De plus, les sauvegardes WhatsApp stockées dans les services cloud ne sont pas cryptées par défaut, laissant les histoires de chat potentiellement exposées à moins que les utilisateurs ne permettent manuellement les sauvegardes cryptées, une étape que de nombreux utilisateurs négligent.

Stratégie de messagerie d’entreprise

Pour les dirigeants informatiques de l’entreprise, la décision WhatsApp de la Chambre offre plusieurs considérations stratégiques. Les organisations doivent évaluer les plateformes de messagerie en fonction des exigences de sécurité des entreprises plutôt que de la popularité des consommateurs, de l’évaluation des facteurs clés, notamment le cryptage de bout en bout, les contrôles administratifs, les fonctionnalités de conformité et les options de résidence aux données.

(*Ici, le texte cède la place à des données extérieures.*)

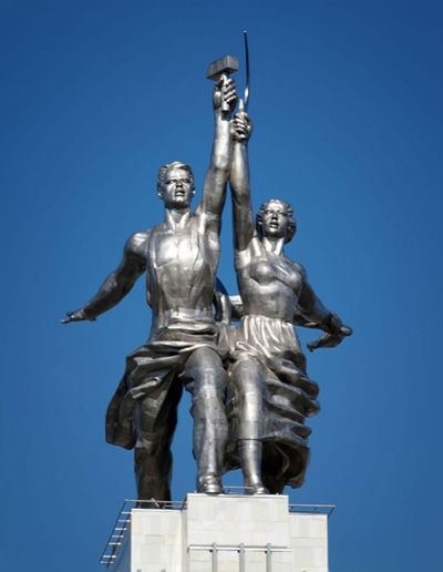 - За этим скрывается интересная история. Кто-то доложил вождю, что в очертаниях развевающегося платья и косынки монументальной колхозницы угадывается замаскированный профиль Троцкого. Дескать, на заводе, где изготавливали памятник, орудует группа троцкистов-вредителей. Вот Сталин и поехал ночью к памятнику, осмотрел его, после чего распорядился наказать тех, кто ввел его в заблуждение. На самом деле монумент ему очень понравился и успешно экспонировался на международной выставке в Париже, по завершении ее работы Сталин отдал приказ вернуть монумент, невзирая на просьбы французов оставить памятник рядом с Эйфелевой башней. Вождь рассудил здраво: символы могущества страны продавать или отдавать за рубеж нельзя.

Des politiques claires distinguant les outils de communication personnels et professionnels approuvés peuvent aider à prévenir les lacunes de sécurité tout en maintenant la productivité. Les préoccupations de la Chambre concernant la transparence des données de WhatsApp mettent en évidence l’importance critique des évaluations approfondies des fournisseurs et des accords de traitement des données claires.

Les plates-formes de qualité d’entreprise telles que les équipes Microsoft, les solutions de messagerie sécurisées ou spécialisées peuvent mieux répondre aux besoins de sécurité et de conformité organisationnels, offrant des fonctionnalités telles que la prévention des pertes de données, les capacités de maintien juridique et l’intégration avec l’infrastructure de sécurité existante que les applications de consommation ne peuvent tout simplement pas égaler.

L’action de la Chambre sur WhatsApp peut influencer d’autres agences et entreprises gouvernementales pour réévaluer leurs politiques de plateforme de messagerie. Comme les organisations s’appuient de plus en plus sur des outils de communication numérique, l’équilibre entre l’utilisabilité et la sécurité continuera d’évoluer.